**Supplied records**:
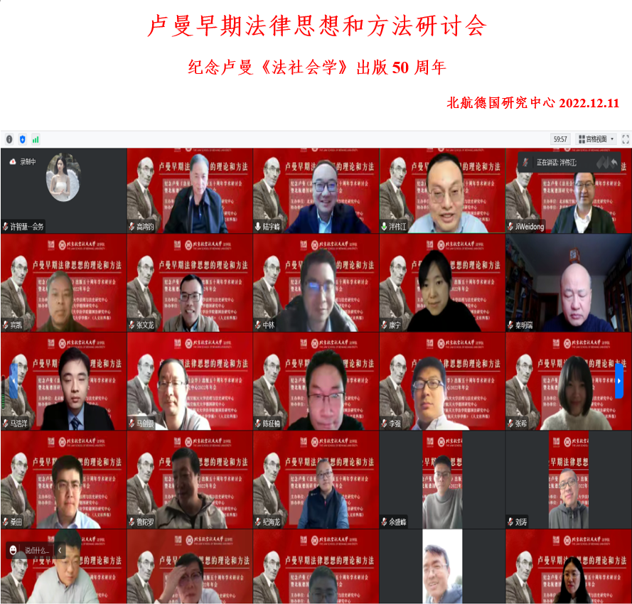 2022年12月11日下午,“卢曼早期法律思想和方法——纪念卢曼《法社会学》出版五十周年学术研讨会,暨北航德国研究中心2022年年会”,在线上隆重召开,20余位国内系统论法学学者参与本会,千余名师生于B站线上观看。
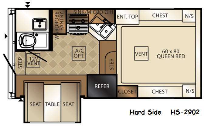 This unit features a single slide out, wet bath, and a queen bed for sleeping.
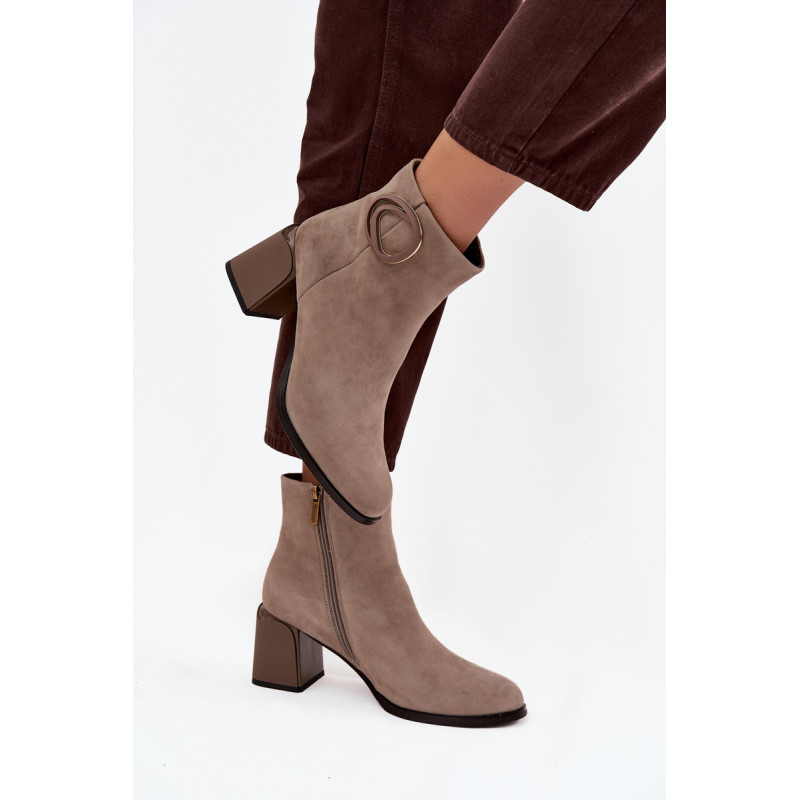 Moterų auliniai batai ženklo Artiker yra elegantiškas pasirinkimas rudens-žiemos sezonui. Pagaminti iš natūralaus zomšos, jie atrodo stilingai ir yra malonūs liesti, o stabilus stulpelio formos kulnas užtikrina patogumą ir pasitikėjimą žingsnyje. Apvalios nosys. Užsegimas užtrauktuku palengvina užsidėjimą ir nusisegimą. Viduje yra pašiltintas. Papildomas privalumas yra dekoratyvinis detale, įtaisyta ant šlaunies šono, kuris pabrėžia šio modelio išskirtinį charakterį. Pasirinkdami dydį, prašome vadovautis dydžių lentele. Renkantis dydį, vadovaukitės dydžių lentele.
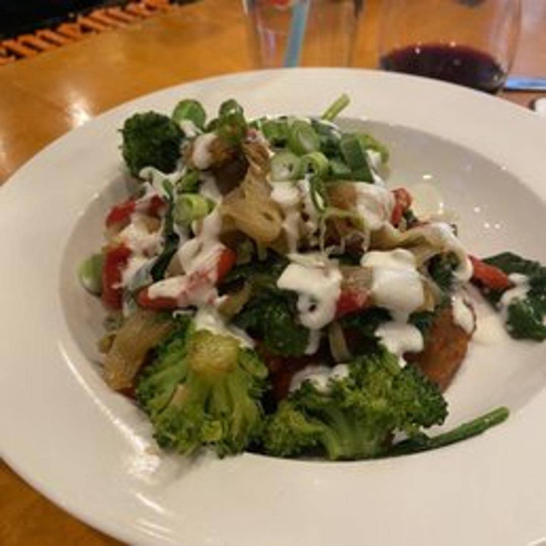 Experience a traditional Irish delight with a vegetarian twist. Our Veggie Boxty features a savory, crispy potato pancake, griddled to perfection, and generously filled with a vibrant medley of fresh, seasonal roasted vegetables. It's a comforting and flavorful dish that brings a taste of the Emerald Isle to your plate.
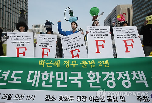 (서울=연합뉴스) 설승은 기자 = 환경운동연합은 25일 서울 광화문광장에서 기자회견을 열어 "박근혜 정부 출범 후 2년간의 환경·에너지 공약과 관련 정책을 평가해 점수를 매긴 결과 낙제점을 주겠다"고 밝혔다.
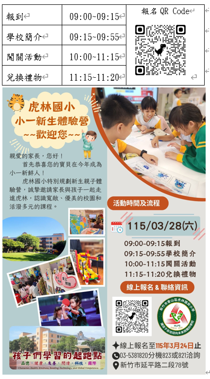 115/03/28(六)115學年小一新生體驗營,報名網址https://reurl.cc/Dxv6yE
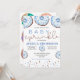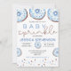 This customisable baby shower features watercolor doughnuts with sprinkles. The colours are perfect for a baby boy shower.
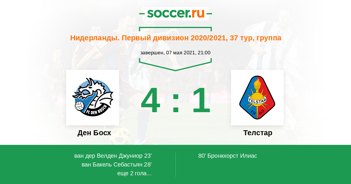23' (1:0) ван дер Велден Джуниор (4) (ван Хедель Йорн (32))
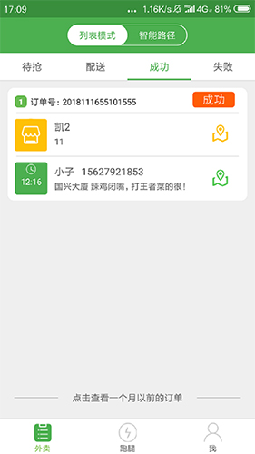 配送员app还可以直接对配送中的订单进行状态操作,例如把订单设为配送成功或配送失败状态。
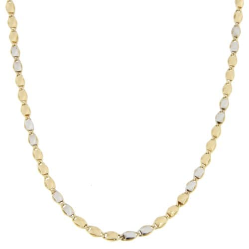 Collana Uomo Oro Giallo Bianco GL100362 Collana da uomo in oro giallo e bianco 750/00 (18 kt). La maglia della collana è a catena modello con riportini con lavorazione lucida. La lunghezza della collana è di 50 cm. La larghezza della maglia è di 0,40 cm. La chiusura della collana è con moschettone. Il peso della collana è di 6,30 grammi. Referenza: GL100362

**Problem to solve**:
Leave the pictures out, then output exactly the lines from the "23' (1:0) ван" line through the end of the records above, and no others.

**Task result**:
23' (1:0) ван дер Велден Джуниор (4) (ван Хедель Йорн (32))
 配送员app还可以直接对配送中的订单进行状态操作,例如把订单设为配送成功或配送失败状态。
 Collana Uomo Oro Giallo Bianco GL100362 Collana da uomo in oro giallo e bianco 750/00 (18 kt). La maglia della collana è a catena modello con riportini con lavorazione lucida. La lunghezza della collana è di 50 cm. La larghezza della maglia è di 0,40 cm. La chiusura della collana è con moschettone. Il peso della collana è di 6,30 grammi. Referenza: GL100362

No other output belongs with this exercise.